■ **Data records**
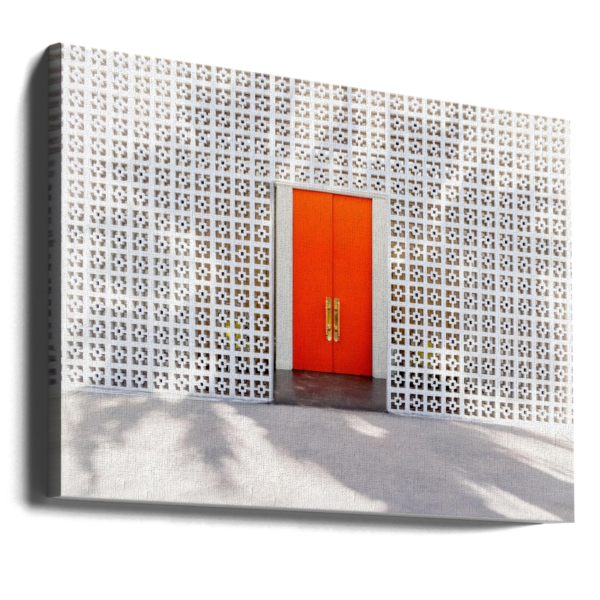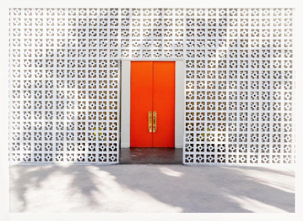 Puerta naranja en una pared de bloques de hormigón · cuadro de decoración
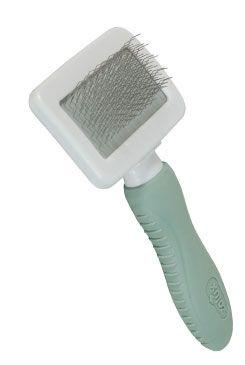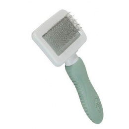 Mykaný kartáč pro králíka a morče: Rozčesávací kartáč, ideální pro každodenní použití. Díky svým pružným zakřiveným štětinám umožňuje kartáčování podsady a eliminaci uzlů bez poškození kůže zvířete. Tento kartáč při pravidelném používání výrazně snižuje vypadávání chlupů domácích mazlíčků.
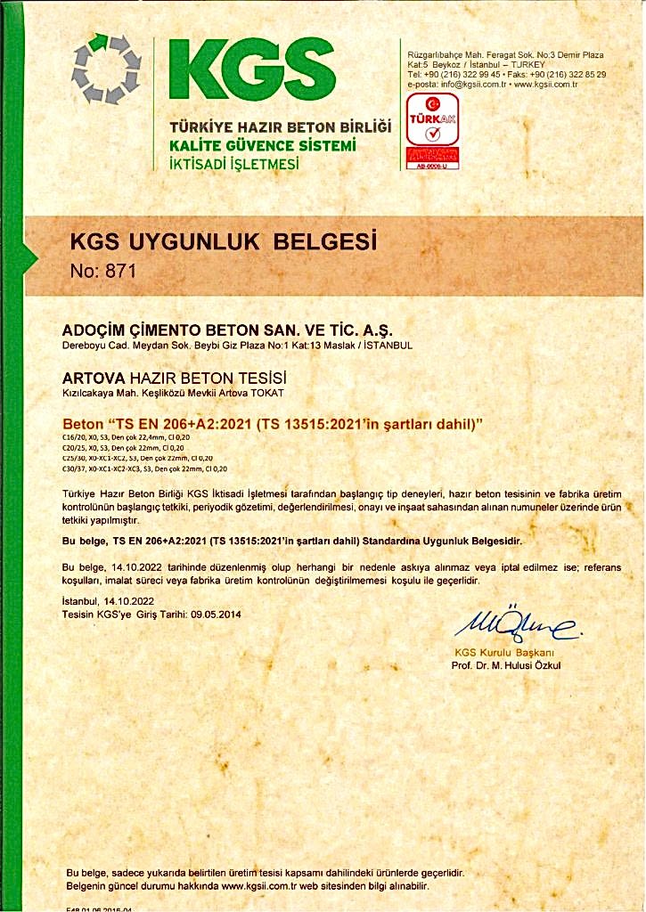 • Artova Hazır Beton Tesisi
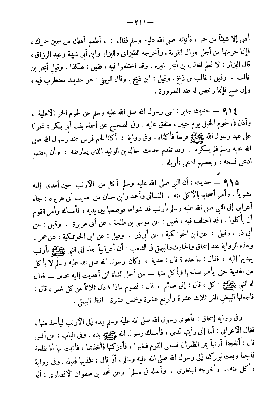 915 - حَدِيث أَن النَّبِي صَلَّى اللَّهُ عَلَيْهِ وَسَلَّم َ أكل من الأرنب حِين أهْدَى إِلَيْهِ مشويا وَأمر أَصْحَابه بِالْأَكْلِ مِنْهُ النَّسَائِيّ وَأحمد وَابْن حبَان من حَدِيث أبي هُرَيْرَة جَاءَ أَعْرَابِي إِلَى النَّبِي صَلَّى اللَّهُ عَلَيْهِ وَسَلَّم َ بأرنب قد شواها فوضعها بَين يَدَيْهِ فَأمْسك وَأمر الْقَوْم أَن يَأْكُلُوا وَقد اخْتلف فِيهِ فَقيل عَن مُوسَى بن طَلْحَة عَن أبي هُرَيْرَة وَقيل عَن أبي ذَر وَقيل عَن ابْن الحوتكية عَن أبي ذَر وَقيل عَن ابْن الحوتكية عَن عمر وَهَذِه الرِّوَايَة عِنْد إِسْحَاق والْحَارث وَالْبَيْهَقِيّ فِي الشّعب أَن أَعْرَابِيًا جَاءَ إِلَى النَّبِي صَلَّى اللَّهُ عَلَيْهِ وَسَلَّم َ بأرنب يهديها إِلَيْهِ فَقَالَ مَا هَذِه قَالَ هَدِيَّة وَكَانَ رَسُول الله صَلَّى اللَّهُ عَلَيْهِ وَسَلَّم َ لَا يَأْكُل من الْهَدِيَّة حَتَّى يَأْمر صَاحبهَا فيأكل مِنْهَا من أجل الشَّاة الَّتِي أهديت إِلَيْهِ بِخَيْبَر فَقَالَ لَهُ النَّبِي صَلَّى اللَّهُ عَلَيْهِ وَسَلَّم َ كل قَالَ إِنِّي صَائِم قَالَ تَصُوم مَاذَا قَالَ ثَلَاثًا من كل شهر قَالَ فاجعلها الْبيض الغر ثَلَاث عشرَة وَأَرْبع عشرَة وَخمْس عشرَة لفظ الْبَيْهَقِيّ
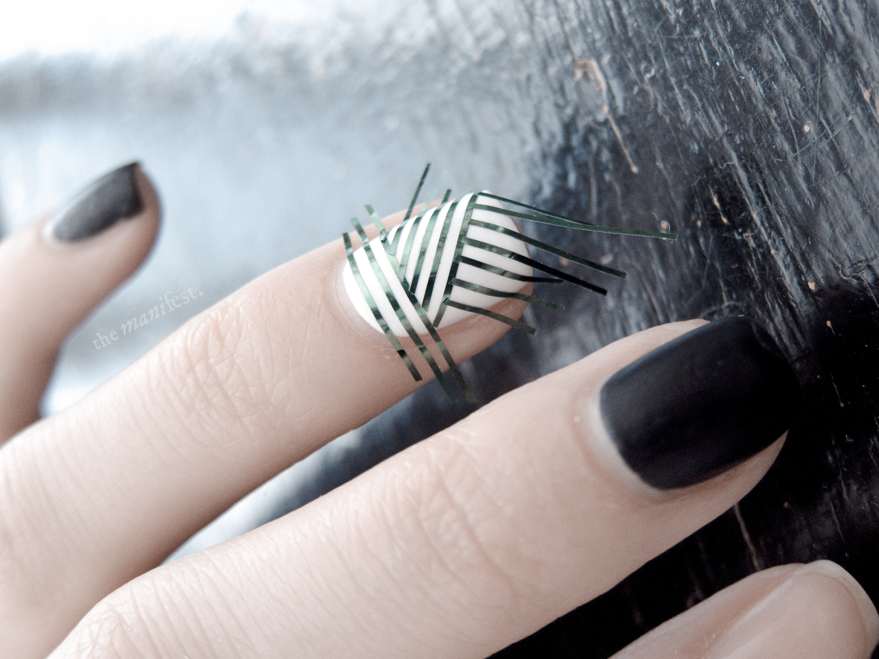 Black and white nail art, stiping tape
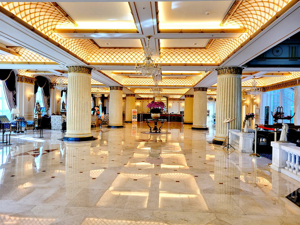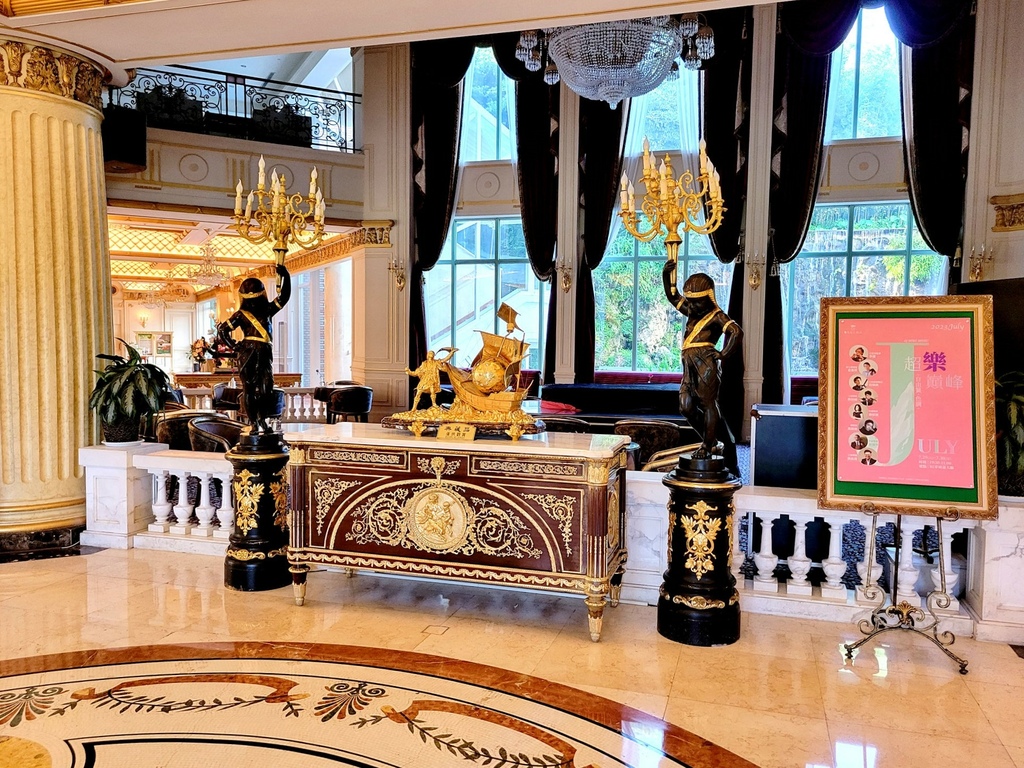 富麗堂皇的宮廷風飯店大廳豪華氣派,燦爛耀眼的水晶吊燈散發出璀璨的光芒,就像置身於一座宏偉的皇宮之中的夢幻!
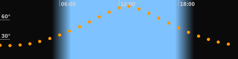 | Höchster Stand (Kulmination) | 12:52 Uhr (h = 80,8°) |

■ **Task goal**
Except for the pictures, return every line of the material exactly.

■ **The completed task**
 Puerta naranja en una pared de bloques de hormigón · cuadro de decoración
 Mykaný kartáč pro králíka a morče: Rozčesávací kartáč, ideální pro každodenní použití. Díky svým pružným zakřiveným štětinám umožňuje kartáčování podsady a eliminaci uzlů bez poškození kůže zvířete. Tento kartáč při pravidelném používání výrazně snižuje vypadávání chlupů domácích mazlíčků.
 • Artova Hazır Beton Tesisi
 915 - حَدِيث أَن النَّبِي صَلَّى اللَّهُ عَلَيْهِ وَسَلَّم َ أكل من الأرنب حِين أهْدَى إِلَيْهِ مشويا وَأمر أَصْحَابه بِالْأَكْلِ مِنْهُ النَّسَائِيّ وَأحمد وَابْن حبَان من حَدِيث أبي هُرَيْرَة جَاءَ أَعْرَابِي إِلَى النَّبِي صَلَّى اللَّهُ عَلَيْهِ وَسَلَّم َ بأرنب قد شواها فوضعها بَين يَدَيْهِ فَأمْسك وَأمر الْقَوْم أَن يَأْكُلُوا وَقد اخْتلف فِيهِ فَقيل عَن مُوسَى بن طَلْحَة عَن أبي هُرَيْرَة وَقيل عَن أبي ذَر وَقيل عَن ابْن الحوتكية عَن أبي ذَر وَقيل عَن ابْن الحوتكية عَن عمر وَهَذِه الرِّوَايَة عِنْد إِسْحَاق والْحَارث وَالْبَيْهَقِيّ فِي الشّعب أَن أَعْرَابِيًا جَاءَ إِلَى النَّبِي صَلَّى اللَّهُ عَلَيْهِ وَسَلَّم َ بأرنب يهديها إِلَيْهِ فَقَالَ مَا هَذِه قَالَ هَدِيَّة وَكَانَ رَسُول الله صَلَّى اللَّهُ عَلَيْهِ وَسَلَّم َ لَا يَأْكُل من الْهَدِيَّة حَتَّى يَأْمر صَاحبهَا فيأكل مِنْهَا من أجل الشَّاة الَّتِي أهديت إِلَيْهِ بِخَيْبَر فَقَالَ لَهُ النَّبِي صَلَّى اللَّهُ عَلَيْهِ وَسَلَّم َ كل قَالَ إِنِّي صَائِم قَالَ تَصُوم مَاذَا قَالَ ثَلَاثًا من كل شهر قَالَ فاجعلها الْبيض الغر ثَلَاث عشرَة وَأَرْبع عشرَة وَخمْس عشرَة لفظ الْبَيْهَقِيّ
 Black and white nail art, stiping tape
 富麗堂皇的宮廷風飯店大廳豪華氣派,燦爛耀眼的水晶吊燈散發出璀璨的光芒,就像置身於一座宏偉的皇宮之中的夢幻!
 | Höchster Stand (Kulmination) | 12:52 Uhr (h = 80,8°) |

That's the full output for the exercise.